The proposed project will make this analytical capability more widely available for use around the world, through the Azure cloud-computing service. The developed capability will allow ingestion and analysis of spatiotemporal species-occurrence data and environmental layers from a wide variety of sources, varying freely in spatial and temporal extent and resolution, and in biological scope. Outputs generated by the application of this capability to any given dataset will be structured as a Beta Diversity EBV hypercube, thereby addressing an important element of the Community Composition EBV Class which has received little attention to date. The project will demonstrate the value of this solution through initial application to national datasets for two contracting countries – Australia (working in collaboration with the Atlas of Living Australia) and Bolivia (working in collaboration with NatureServe and the EcoHealth Alliance).

Bioacoustics and Machine Learning for Automated Avian Species Monitoring in Global Biodiversity Hotspots

Naomi Bates (co-PI, Future Generations University, USA,) and Sebastian Herzog (co-PI, Asociación Armonía, Bolivia).

Time-series of species presence across multiple ecosystems can be used as a biodiversity change indicator for informed decision-making in conservation efforts. Bioacoustic monitoring with machine learning (ML) analysis provides species presence/absence tools. These tools: 1) measure complex biodiversity change; for 2) scientists and conservation managers to understand behavior, diversity, and habitat preference; providing 3) a scalable and locally relevant global framework towards GEO BON’s mission of ‘improving the acquisition, coordination and delivery of biodiversity observations’.
The Songs of Adaptation project of Future Generations University maintains a monitoring network of biodiversity hotspots in Nepal, Bolivia, Uganda, and the United States. Bioacoustics and climatic data are collected across mountain transects (or other ecosystem gradients), aligned with GEO BON Essential Biodiversity Variable candidate: species distribution (SD EBV). As local temperatures, weather patterns, and ecosystems change, a gradual soundscape shift is hypothesized as species move to different elevations or ecosystems in response to changing climate conditions.

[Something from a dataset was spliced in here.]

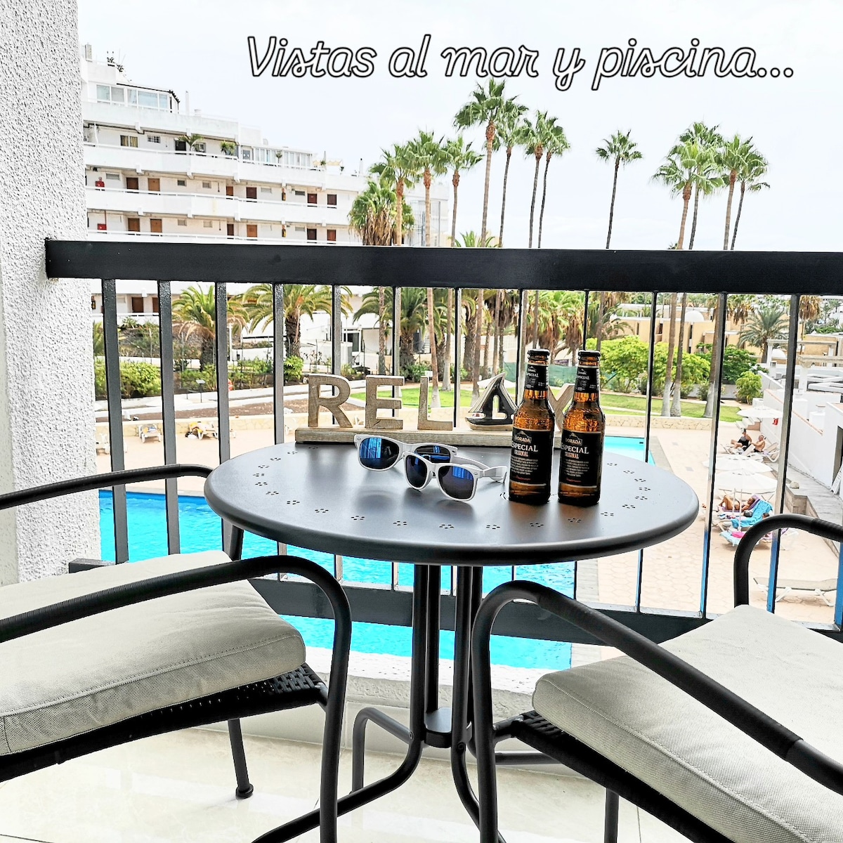 Checkout my fully equipped 1 bedroom newly renovated and comfortable apartment in the heart of Playa de las Americas (the most vivid region) in Tenerife just 1 street from the sea! Enjoy the direct ocean balcony view, a king size anatomic double bed, free Wifi up to 300Mbps, free access to the pool, free parking, new IKEA kitchen with oven and all kitchenware of highest quality, new electric appliances, sleeping sofa, laundry, LCD TV and much more!

Combining the big data management tools of Azure and ML, open source scalable tools will be created for the GEO BON community and beyond. The impact of the proposed work will be two-fold: open source tools and data for the GEO BON community, and specific species insights for species in biodiversity hotspots in Nepal, Bolivia, USA, and Uganda. Starting with this now proven framework for using bioacoustics as a tool for avian species population surveys and monitoring, the vision is within reach to create tools for stakeholders to track climate change impacts for locally driven decision-making and informed adaptation.